Election experts anticipate that the U.S. Supreme Court will refrain from deciding any election-related cases after November 5, maintaining the precedent of non-intervention.
Fox News reported that in anticipation of the upcoming presidential election on November 5, numerous lawsuits have already been filed by both Republican and Democratic parties. These pre-emptive legal actions have emerged amidst concerns about potential electoral disputes that might require intervention at the federal level.
Thus far, there's a collective skepticism among legal scholars and practitioners about the Supreme Court's involvement in these cases.
Jason Torchinsky, a legal expert at Holtzman Vogel, explained the scenario under which the Supreme Court might consider intervening. The Court's engagement, according to Torchinsky, is predominantly contingent upon the closeness of the election results.
He mentioned, "It's got to be super, super close," during an interview with Fox News Digital, emphasizing that only exceptionally narrow margins have historically led to outcome-affecting interventions by the Court.

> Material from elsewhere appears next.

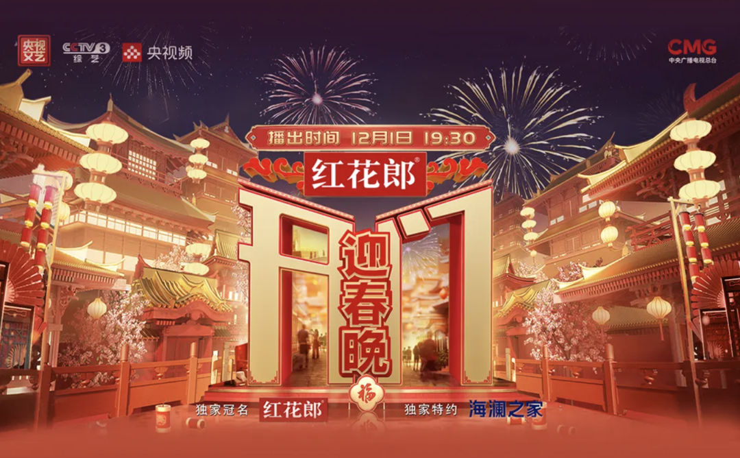 同样和春晚关系密切的郎酒“红花郎”也发来贺电。和古井贡酒一样,“红花郎×春晚”这对“荧幕CP”再度确认关系,红花郎冠名定制的综艺《开门迎春晚》在12月1日开播,率先拉开2025蛇年春节序幕,也巧妙地迎上了春节申遗的流量。

Passed in 2022, the Electoral Count Reform Act (ECRA) was designed to streamline the resolution of presidential election disputes.
It delineates the vice president's role during the electoral count as purely ministerial, removing any discretionary power that could influence the outcome. Additionally, the Act facilitates a more expedited review process through the establishment of a three-judge district court panel specifically for presidential election disputes.

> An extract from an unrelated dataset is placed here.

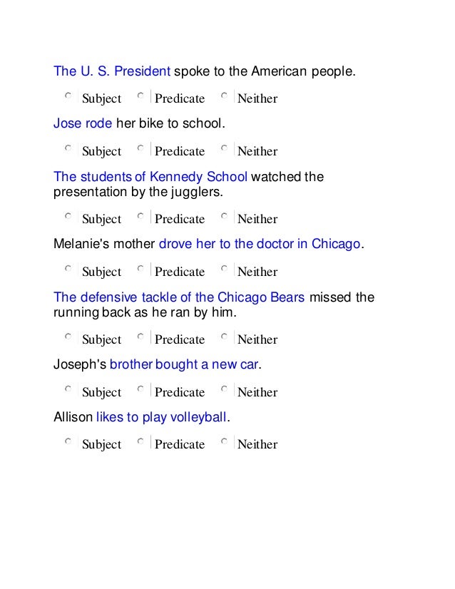 Some of the worksheets for this concept are Subjects predicates and objects, Subjects objects and predicates with pirates work, Subject verb agreement, Subjects predicates, Name date grammar work subject and object pronouns, Complete subjects and. Then, students write original sentences and identify their subjects, predicates, and objects. A sentence is a combination of words that gives a complete meaning or thought.

Greg Teufel, founder of OGC Law, noted the ECRA's impact on the legal landscape surrounding elections. "It does kind of create a new route into the federal court for a specific limited set of issues being raised under the Electoral Count Act," he said, indicating a narrowed scope for election-related litigation under the new law.
The current composition of the Supreme Court, which includes six justices appointed by Republican presidents, might seem to favor conservative legal arguments.
However, Joseph Burns, a partner at Holtzman Vogel, suggests that while the justices' conservative tendencies could hypothetically tilt the scales, they also adhere strongly to statutory language, which could limit their inclination to interpret laws expansively.
Burns further elaborated on this point, emphasizing that the strict adherence to legislative words by the conservative justices does not necessarily imply that they would intervene in election matters lightly. Rather, it underscores their commitment to legal precision and constitutional boundaries.
Despite the ECRA's design to provide clarity and speed in judicial review, vulnerabilities exist that could subject it to post-election legal scrutiny.
Greg Teufel expressed concerns regarding the Act's implementation, "The entirety of the act may come under challenge if it's utilized in a way that impacts the outcome of the election in a way that people view as improper, unfair, or unlawful," highlighting potential legal confrontations that might arise if the Act is perceived as being misapplied.
This apprehension is shared by John Hardin Young, counsel at Sandler Reiff, who is skeptical about the Supreme Court's willingness to decide the outcome of the 2024 election.
Citing the justices' general reluctance to dive into election disputes, Young mentioned a heightened awareness and sensitivity amongst the justices to avoid involvement unless essential.
Undoubtedly, the coming weeks will be a critical period for American democracy, watched closely by legal scholars and citizens alike as the judiciary potentially navigates these complex electoral waters.